Nouveau plan d’action
Vu la forte recrudescence des attaques, le gouvernement a également mis en place un nouveau plan d’action pour 2023. Il implique notamment le versement d’une indemnisation forfaitaire de 600 fr. aux éleveurs, en cas d’attaque « pour compenser les frais de traitement du sinistre ». Un montant auquel s’ajouteront les indemnités calculées sur la valeur du bétail.
L’année dernière, 97’000 fr. ont été versés suite à des prédations (66'000 fr. en 2021).
L'Etat de Vaud souhaite aussi étendre l'engagement de civilistes pour aider les agriculteurs. Ils pourront être appelés dans des exploitations avec bovins, alors qu'ils n'officiaient jusqu'ici que dans les fermes avec moutons et chèvres.
Quant au monitoring, il a été étendu, avec pour objectif d’anticiper installation éventuelle d’un nouveau couple, voire d'une meute.
Régulation indispensable
L'Etat de Vaud estime par ailleurs "incontournable" un renforcement du corps de police faune-nature. Deux postes supplémentaires seront créés pour mieux assurer la gestion du loup mais aussi pour permettre, le cas échéant, "une mise en oeuvre rapide des décisions de tir".

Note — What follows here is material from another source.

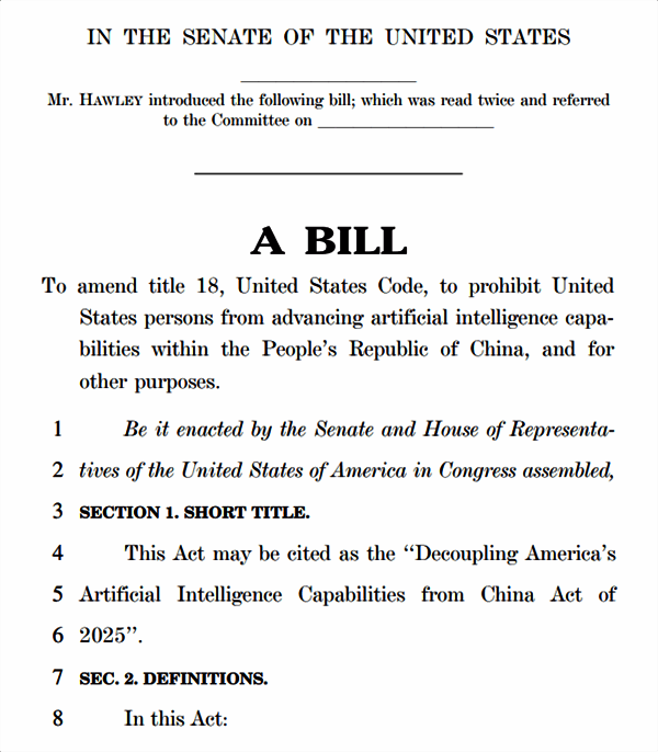 快科技今日(2月4日)消息,据媒体报道,美国国会近日提出了一项名为《2025年美国人工智能能力与中国脱钩法案》的新法案。

Car la prévention s’ajoute la régulation. En 2022, quatre tirs ont été effectués. L’un s’est soldé par une erreur. Le mâle alpha de la meute du Marchairuz, a été tué à la place d’un jeune mâle.
Ce mauvais tir a exacerbé, une nouvelle fois, les tensions entre les défenseurs du loup, opposés à tout abattage, et ceux qui sont pour. Cependant, il est désormais majoritairement admis, y compris par les grandes organisations telles que Pro Natura, BirdLife Suisse, WWF Suisse ou le Groupe Loup Suisse, que la cohabitation entre le monde agricole, l’élevage et le loup, doit passer par la régulation.
Régulation facilitée
Vu la croissance exponentielle du loup, qui est passé, en Suisse, d’une trentaine d’individus en 2016 à environ 250, le Conseil fédéral a adopté début juin une révision partielle de l'ordonnance sur la chasse. Elle est entrée en vigueur le 1er juillet et facilite l’abattage des loups.
Le seuil de dommages a été abaissé: dans les régions où des loups isolés ont déjà provoqué des dégâts, un animal pourra être abattu lorsqu'il a tué six animaux de rente en quatre mois, contre dix actuellement. Dans les régions abritant des meutes, le seuil est désormais fixé à huit animaux tués. Pour les vaches, chevaux ou alpagas, le seuil autorisant un tir est abaissé à un seul animal tué contre deux jusqu'à présent.
La loi s’assouplira une nouvelle fois à la fin de l’année, avec des mesures préventives. Elles permettront aux cantons d’établir des quotas de loups à tirer chaque année. Il sera possible de les abattre, notamment les plus jeunes, sans qu’ils n’aient commis d’attaques au préalable.